> The data:
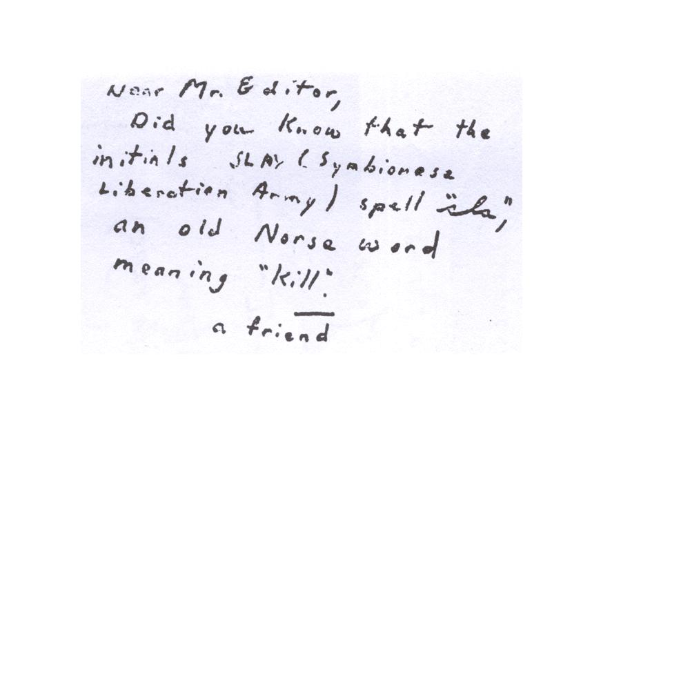 SLA is an anagram for Anton Szandor LaVey and from all of the reports he was a killer and the ‘COS” was very involved with Norse philosophy. Notice also how he calls himself a “Friend”. A reference to “Your Secret Pal”
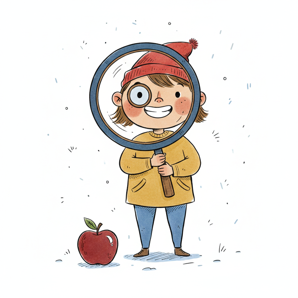 Ein lächelndes Kind mit roter Mütze hält eine Lupe vor sein Gesicht, ein Auge ist vergrößert. Ein Apfel liegt daneben.
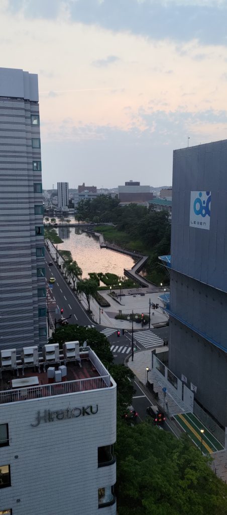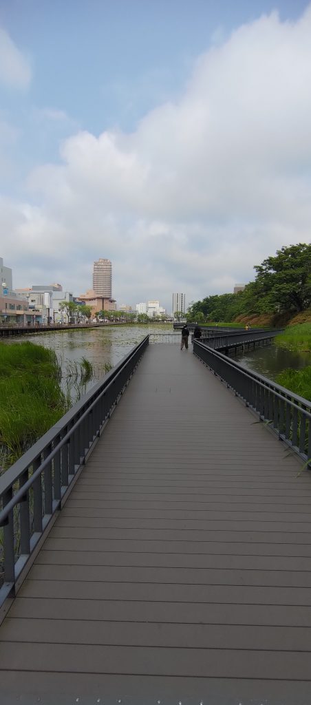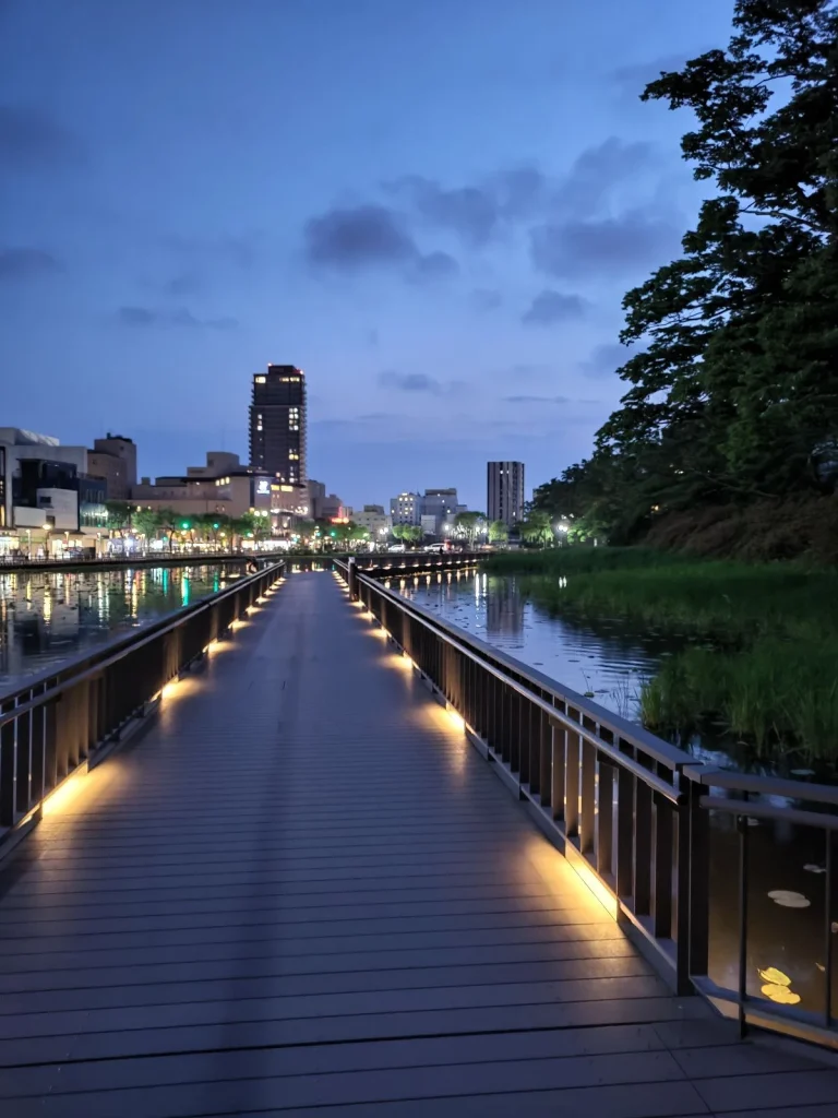 暗くなってしまったために上記の写真以外の写真は撮っていませんが、2カ月前に供用を開始したという久保田城の堀の浮橋(遊歩道)を通って、秋田市立文化創造館と秋田県立美術館の前まで行って、ホテルに戻って来ました。
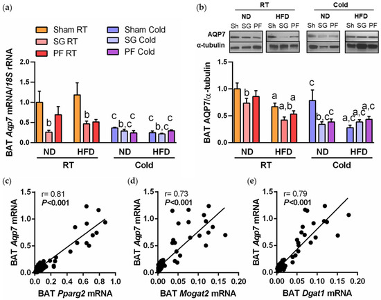 To further confirm the potential association of AQP7 expression with changes in BAT whitening observed after sleeve gastrectomy, we assessed the transcript and protein levels of this glycerol channel in BAT of the experimental groups under both thermic conditions. Significant downregulations of mRNA and protein levels of AQP7 (both p < 0.05) were observed in BAT of DIO rats submitted to sleeve gastrectomy (Figure 5a,b), even in rats exposed to cold, which exhibited lower initial AQP7 transcript and protein levels (both p < 0.05). These changes were not observed in the pair-fed groups, suggesting that the impact of bariatric surgery in AQP7 expression in BAT is beyond caloric restriction. As observed in rats with DIO, post-surgical changes in Aqp7 mRNA were strongly associated with transcripts of Pparg2, Mogat2 and Dgat1 (Figure 5c–e). The switch of DIO rats from HFD to ND also downregulated (p < 0.05) AQP7 protein expression probably as a result of the reduction in BAT whitening in these experimental animals (Figure 5b).
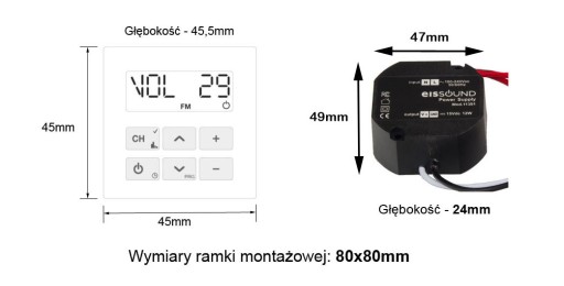 - Moduł montowany jest w puszce o głębokości i średnicy 45x45mm(1,77x1,77 cala) bądź w puszcze fi60(standardowa puszka dla łączników elektrycznych)
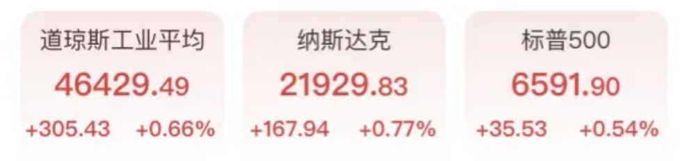 周三美股延续涨势,中东冲突缓和的前景缓解了投资者对能源供应长期中断的部分担忧。截至收盘,道琼斯工业平均指数上涨305.43点,涨幅0.66%,收于46429.49点,纳斯达克综合指数上涨0.77%,收于21929.83点,标普500指数上涨0.54%,收于6591.90点。详情>>
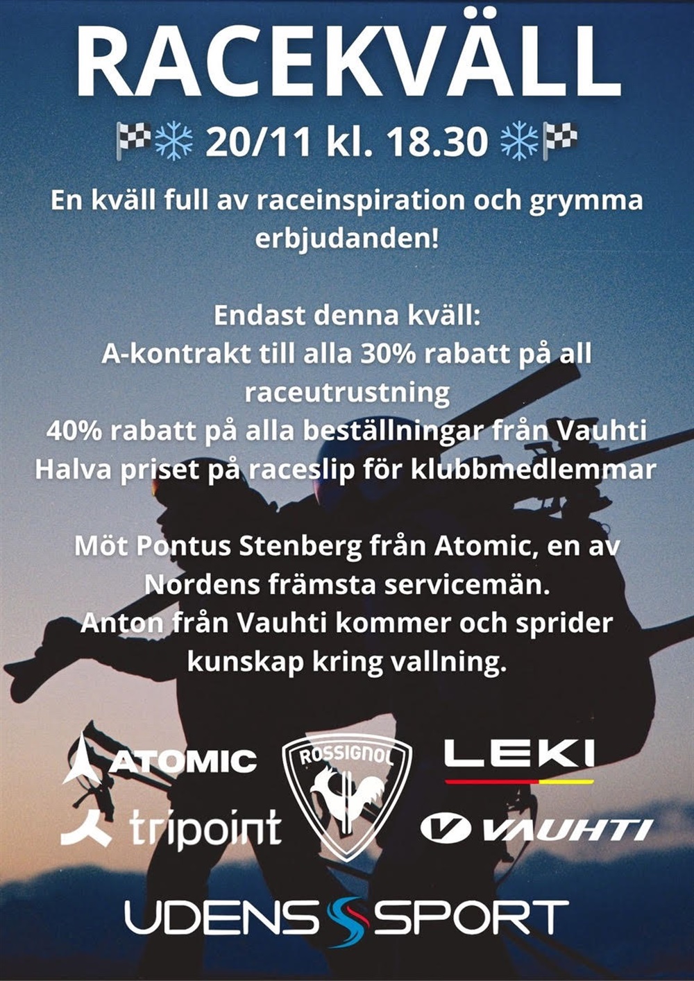 Som en del av detta vill vi kickstarta säsongen med en Racekväll i butiken torsdag 20 november kl. 18:30, där era klubbmedlemmar får ta del av unika erbjudanden och experthjälp från Atomic och Vauhti.
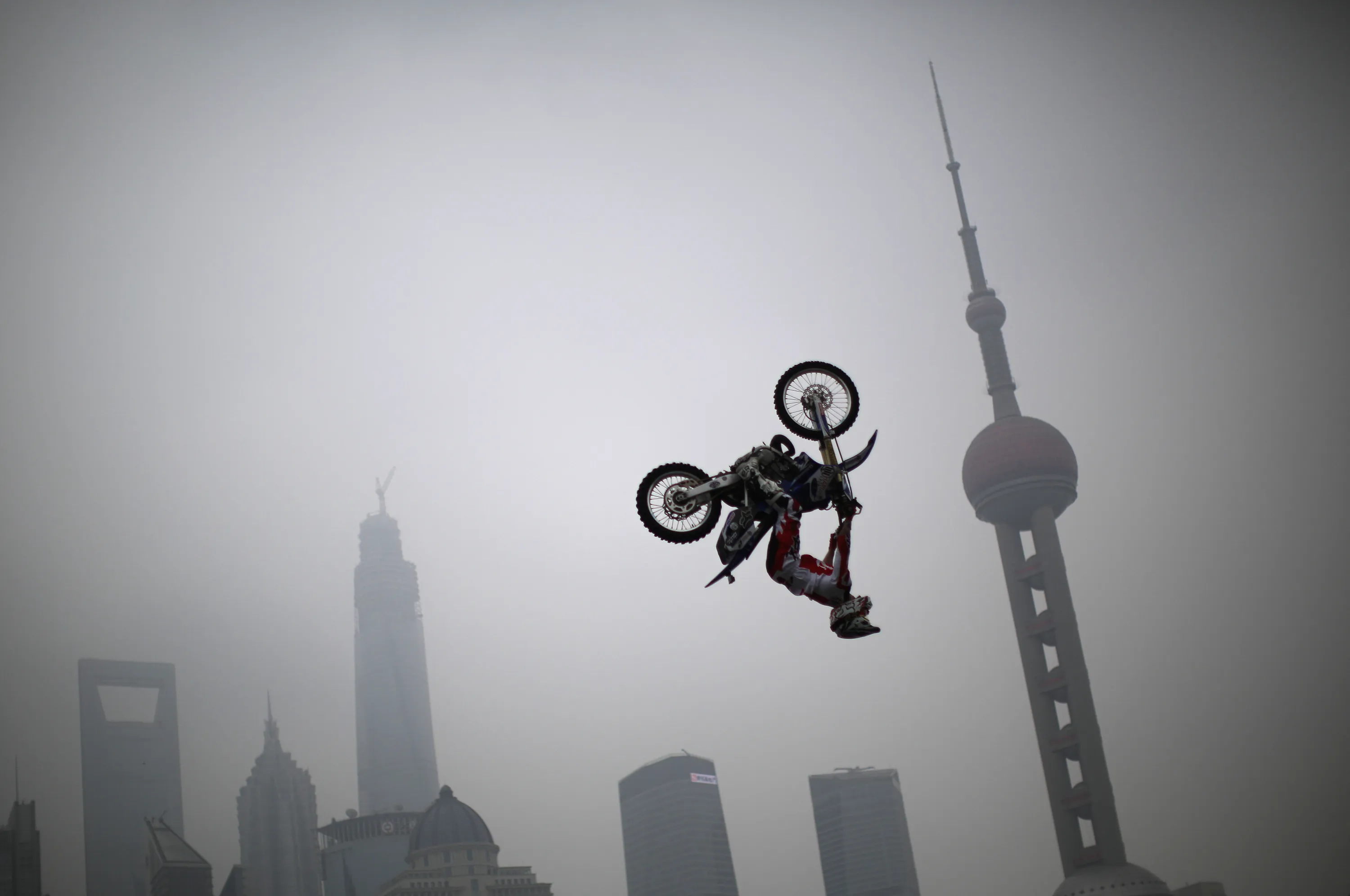 Michael Norris of Australia performs during a presentation of the World Extreme Games in Shanghai April 27, 2014. The games will be held in Shanghai from April 30 to May 3. (Photo by Carlos Barria/Reuters)

> Prompt:
Please output only the lines running from the one that holds "- Moduł montowany" through the last line of the entries, both ends included, without any images.

> Task result:
 - Moduł montowany jest w puszce o głębokości i średnicy 45x45mm(1,77x1,77 cala) bądź w puszcze fi60(standardowa puszka dla łączników elektrycznych)
 周三美股延续涨势,中东冲突缓和的前景缓解了投资者对能源供应长期中断的部分担忧。截至收盘,道琼斯工业平均指数上涨305.43点,涨幅0.66%,收于46429.49点,纳斯达克综合指数上涨0.77%,收于21929.83点,标普500指数上涨0.54%,收于6591.90点。详情>>
 Som en del av detta vill vi kickstarta säsongen med en Racekväll i butiken torsdag 20 november kl. 18:30, där era klubbmedlemmar får ta del av unika erbjudanden och experthjälp från Atomic och Vauhti.
 Michael Norris of Australia performs during a presentation of the World Extreme Games in Shanghai April 27, 2014. The games will be held in Shanghai from April 30 to May 3. (Photo by Carlos Barria/Reuters)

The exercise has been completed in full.